You are right, Portable Haskell Dynamic libraries do not exist because the Haskell standard does not talk about them at all.
Portable C Dynamic libraries do not exist either. Given POSIX they exist, but if you happen upon a platform that only has a C compiler it won't have them.
On Fri, 28 Dec 2007 19:18:33 +0200, ChrisK <haskell@list.mightyreason.com>
wrote:
> This thread is obviously a source of much fun. I will play too.
Well, it starts with Wikipedia ... :-)
>>
>> What is the definition of an entry point in Haskell ?
> "Haskell" does not have such a concept. At all. An implementation may
> have
> such a concept.
Then a Haskell module know nothing about them.

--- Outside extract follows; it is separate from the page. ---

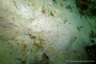 Wir folgen Joachims Empfehlungen und tauchen einen ausgiebigen Rechteckkurs, Nord – Ost – Süd – West. Über Sandbänke, Seegraswiesen, muschelbewachsenen Feldsteinen, Mergelbänken und Steinwällen tauchend, scannten wir bei einer guten Sicht von 5-6m die Ostsee nach Seehasen ab. Flunder, Scholle, Grundel, Schnecken, Krabbelgetier – alles da, nur leider keine Seehasen. Egal, die Ostsee mit ihrer eigenen UW-Flora und Fauna hat immer etwas Besonderes, ein schöner Tauchgang.
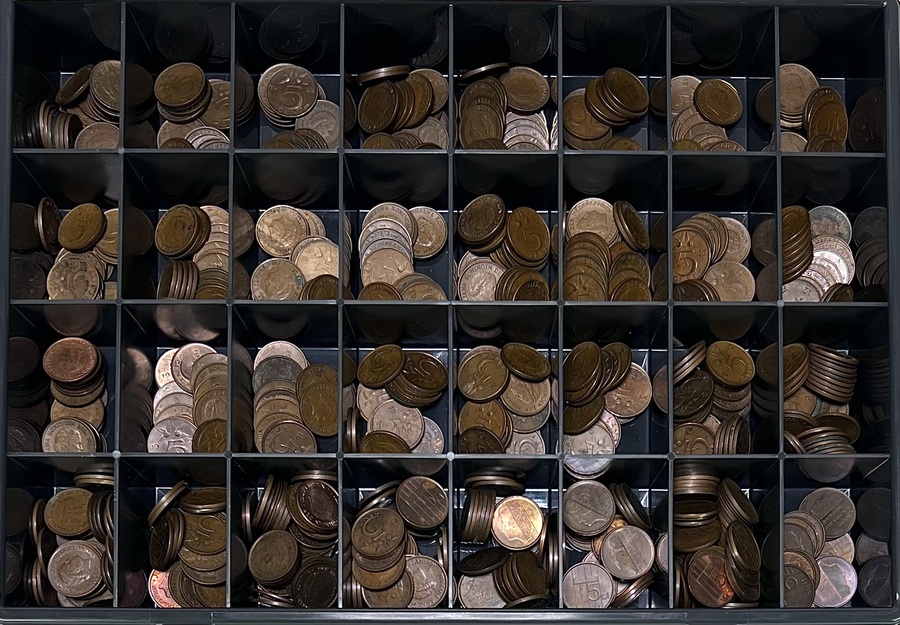 Collectie Nederlandse stuivers (5 cent) in sorteerbak met vakverdeling, 2e helft 20e eeuw. Overwegend bronzen uitgiften; machinaal geslagen circulatiegeld met verschillende ontwerpen, waaronder portret- en grafische typen uit de Juliana- en Beatrix-periode. Diverse jaartallen, gemengd gesorteerd per vak.

> Most people on this list define "Haskell" as any attempt at an
> implementation of
> one of the standards which define Haskell, most recently the Hakell 98
> standard.
> This can be nhc / yhc / ghc / hugs / winhugs / helium / jhc. Some of
> these
> compile to native code, some compile to byte code for a virtual
> machine. If an
> implementation can compile separately, then it might support dynamic
> libraries.
> If so then a specific version of that compiler will define its own
> implementation specific concept of an entry point.
How can one make portable dynamic libraries then ?
>> What is the semantics of those entry points ?
> It depends. For recent ghc versions, see its user manual:
> http://haskell.org/ghc/docs/latest/html/users_guide/ffi-ghc.html#ffi-library
> http://haskell.org/ghc/docs/latest/html/users_guide/win32-dlls.html
The conclusion:
Portable Haskell Dynamic libraries does not exists.